今日はこういうこともあるだろうと予想していたので、驚きはない。
「ノア様、まだわかりませんの? 悪いのはすべてセアラです」
私はふたりを一瞥しただけで、再び視線を伯爵に向けた。
「それでも、セアラが手元に置きたいものは引き取るのが当然です。例えば、お母上の形見や学園での思い出の品などは、いくら我が家でも用意してあげられませんから。それさえセアラに何も言わず処分するとは、ずいぶん乱暴ではないですか?」
「私も知らないうちに妻と娘が勝手にしたことで……」
「あの娘が偉そうで生意気だからよ」
「セアラの持ち物だって伯爵の財産です。それを知らないうちに処分されるなんて、それこそ大問題ではありませんか。
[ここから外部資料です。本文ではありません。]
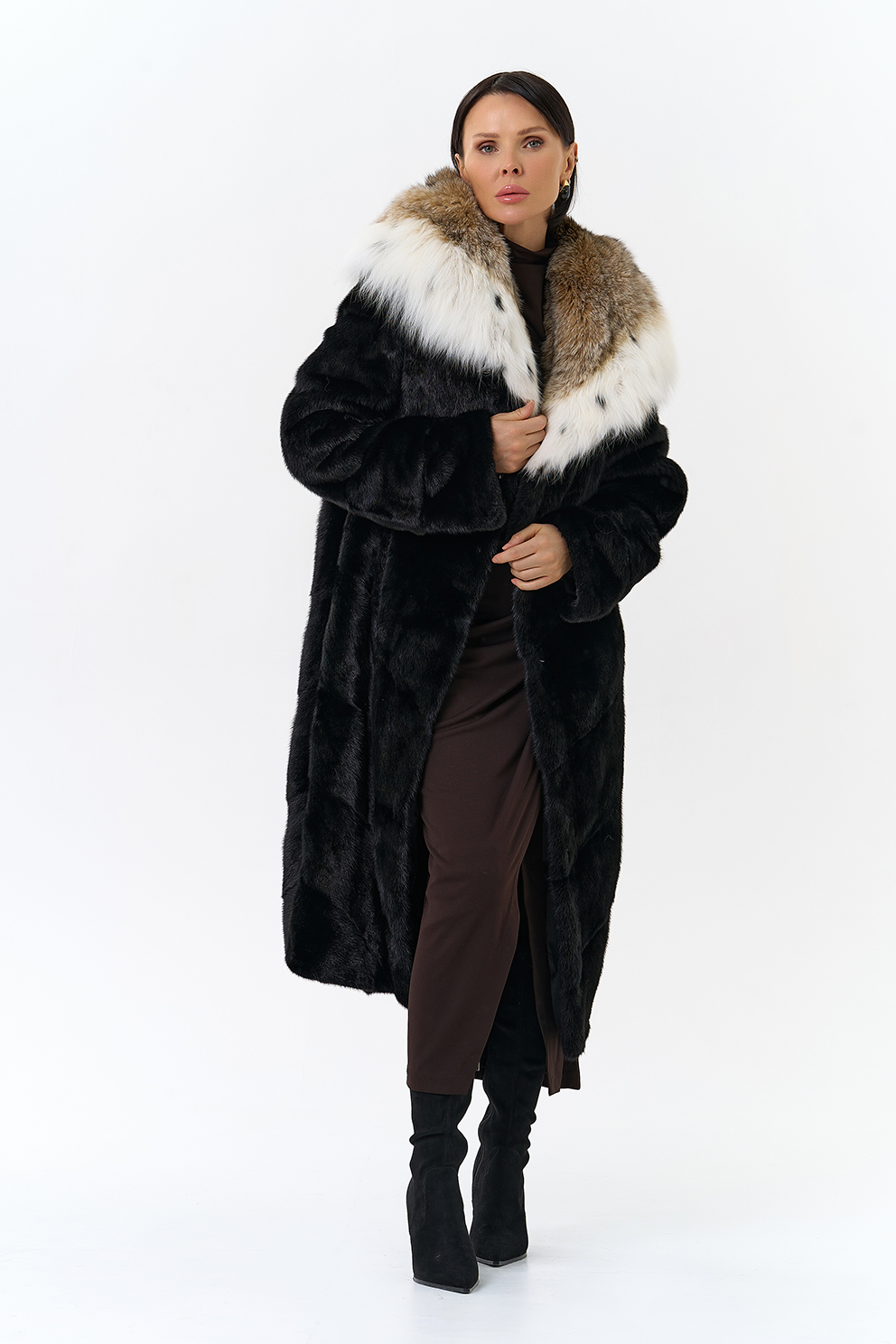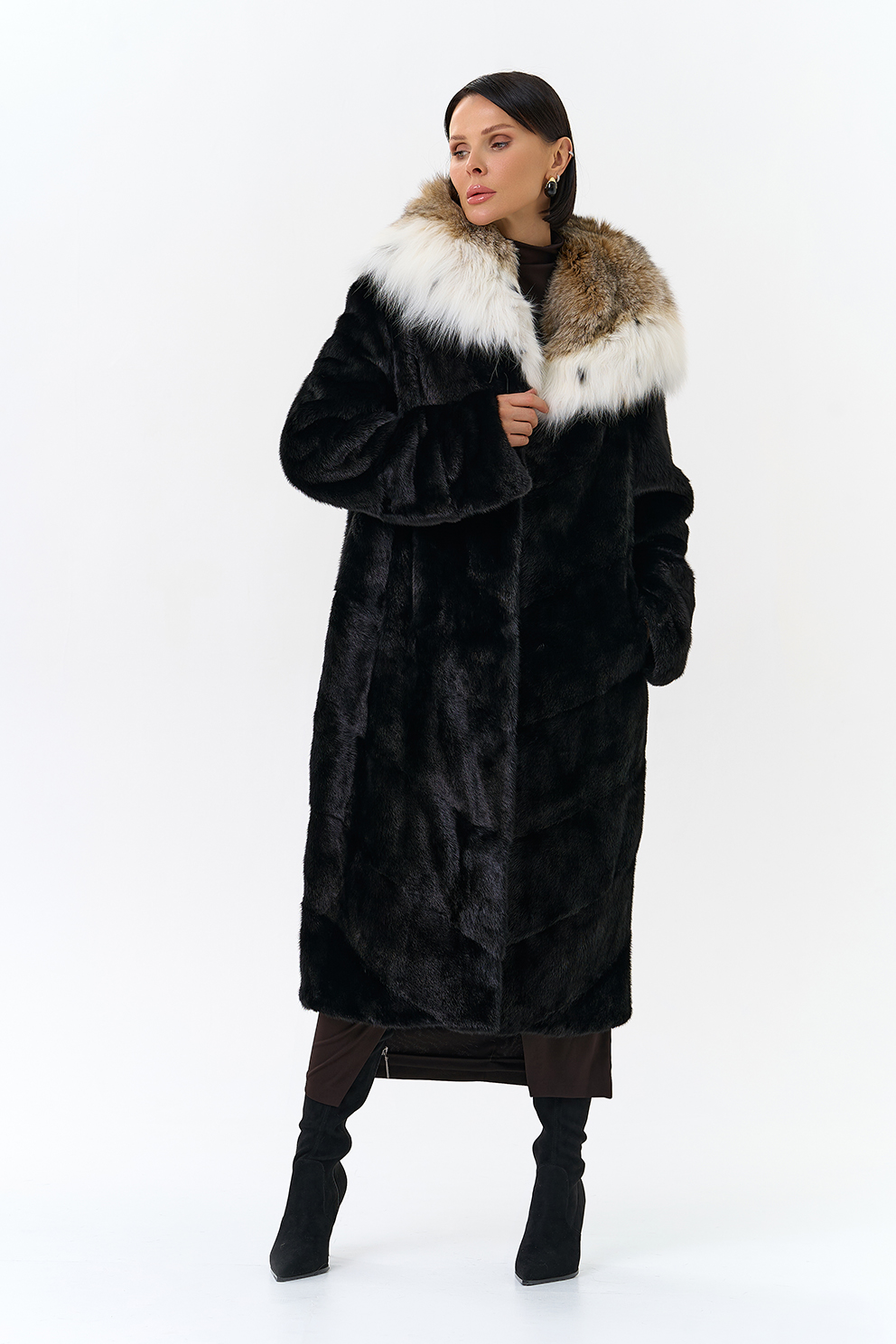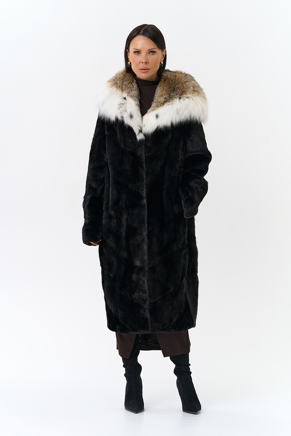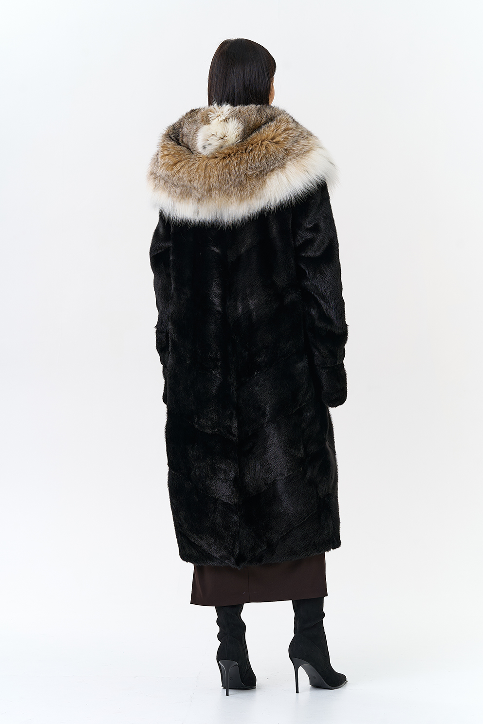 Модель украшает капюшон с отделкой из меха рыси. Мех норки черного цвета

このまま放置なさるのですか?」
「い、いえ……」
「ずっとセアラばかり伯爵令嬢を名乗っていたことだって不公平ですわ」
私は早々に無視することを諦めた。やはり、この女の声は耳障りだ。
「あなたたちが日陰の身だったのはすべて伯爵の責任であって、セアラや母上のせいではありません。……あなたは自分が学園に通えなかったからとセアラの制服を切り裂いたそうですが、学園の入学資格はご存知ですか? 『14歳以上の貴族の子女、あるいはそれに準ずると認められる者』。つまり平民だろうが私生児だろうが貴族の後見人を得れば入学できるということです。実際、各学年に数人はそういう生徒が在籍しています。あなたに後見人を探す労を惜しんだのは伯爵でしょう」
令嬢は私の話を理解しているのかどうかあやしいところだが、続けることにする。
「だいたい、そんなに学園に行きたいなら今からでも入学すればいい。正式な伯爵令嬢になれたのだから簡単なことでしょう」
「私に5つも6つも歳下の人たちの中に入れと仰るの?」
「学ぶのに周囲は関係ないでしょう。どうせ社交界でのあなたの評判は最悪なのだから、それを知らない人たちのほうが良いのでは? もっとも、学園は問題のある生徒を退学にできますから、あなたが卒業できるかはわかりませんが」
この令嬢が学問をしたいわけでないことはわかっている。伯爵が学園に通わせる代わりに雇った家庭教師は、3日と経たずに辞めさせられているのだ。
「そもそも、あなたたちの生活はセアラの母上の実家からの援助で成り立っていた。それが不自然なことだったんです。今後は他力本願な考えは捨ててください」
セアラを屋敷から追い出さずに使用人として働かせていたのは、キャンベル家からの援助を今までどおり受け取るため。
だが、セアラではなく異母姉を跡取りとしたことでキャンベル家に援助を打ち切られ、後妻は邪魔なだけの存在となったセアラを追い出すことにした。
ここで普通なら、セアラを金持ちの家に嫁がせてそこから新たな援助を得ることを考えそうなものだが、後妻や異母姉はそうして再びセアラが自分たちより良い暮らしをすることになるかもしれないのが許せなかったに違いない。
本当にくだらない矜持だが、おかげで今セアラは私のもとにいるわけだ。
「私とセアラがこちらに伺うことは2度とありません。失礼します」
その言葉を最後に、私はスウィニー家を後にした。